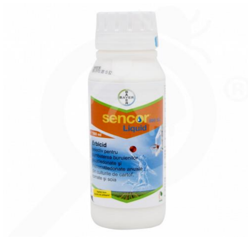
Slika 10. Sencor SC 600 herbicid
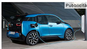
Auto Ibride - Link...

Ecco quanto dovrebbe costare un impianto dentale in Croazia
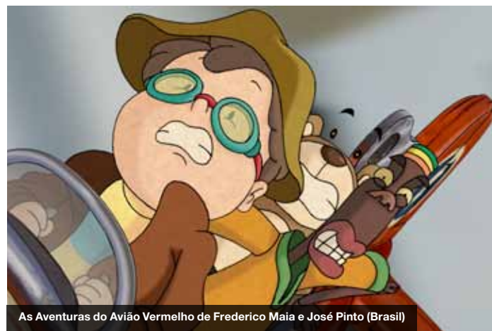
As Aventuras do Avião Vermelho de Frederico Maia e José Pinto (Brasil)

15 nov. 15H30 | Luz, Anima, Ação | Eduardo Calvet | Brasil | 2012 | documentário | +12 17H30 | As aventuras do avião vermelho | Frederico Pinto, José Maia | Brasil | longa-metragem | +6
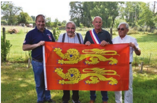
La Normandie et la Caroline du Nord désormais liée par le chemin de fer.
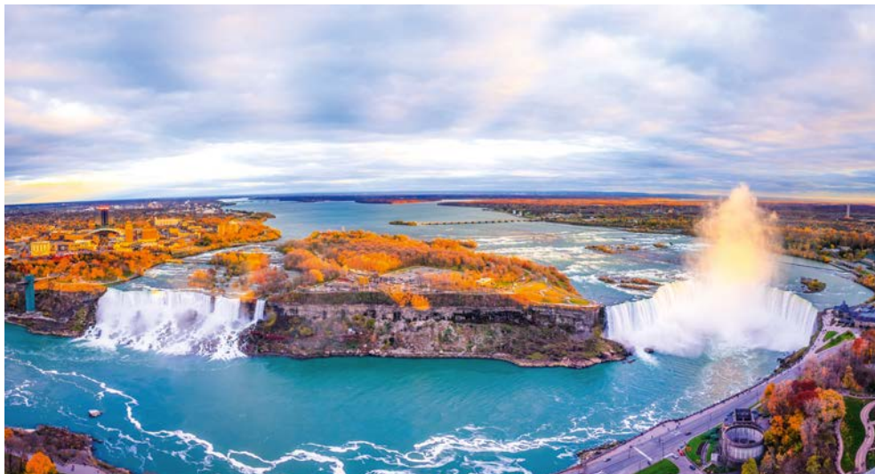
Majestätisch – die Niagara-Fälle
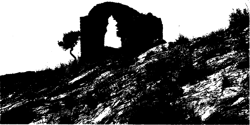
Resim 12: Anıt mezar
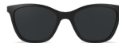
Passio/Po Gray Ref. 20100330061
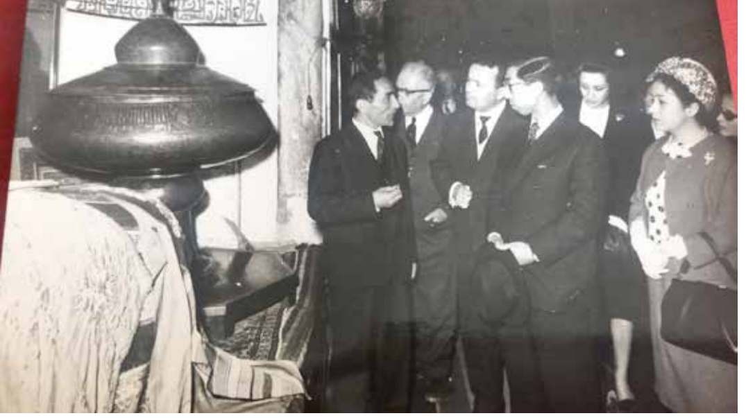
Türbeyi ziyaet eden Japon prensine bilgi verirken

niz diye. Şimdi Dergâh'ın bahçesinde sigara içiyor insanlar, izmaritlerini yerlere atan bile var. Böyle şeylere müdahale edilmesi gerekir.
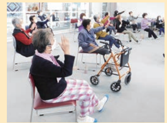
音楽に合わせて楽しく体操
------------------------------------------------------------
When the word "Brasil" appears in a line of the listing, pull that line out.

EXPECTED ANSWER:
As Aventuras do Avião Vermelho de Frederico Maia e José Pinto (Brasil)
15 nov. 15H30 | Luz, Anima, Ação | Eduardo Calvet | Brasil | 2012 | documentário | +12 17H30 | As aventuras do avião vermelho | Frederico Pinto, José Maia | Brasil | longa-metragem | +6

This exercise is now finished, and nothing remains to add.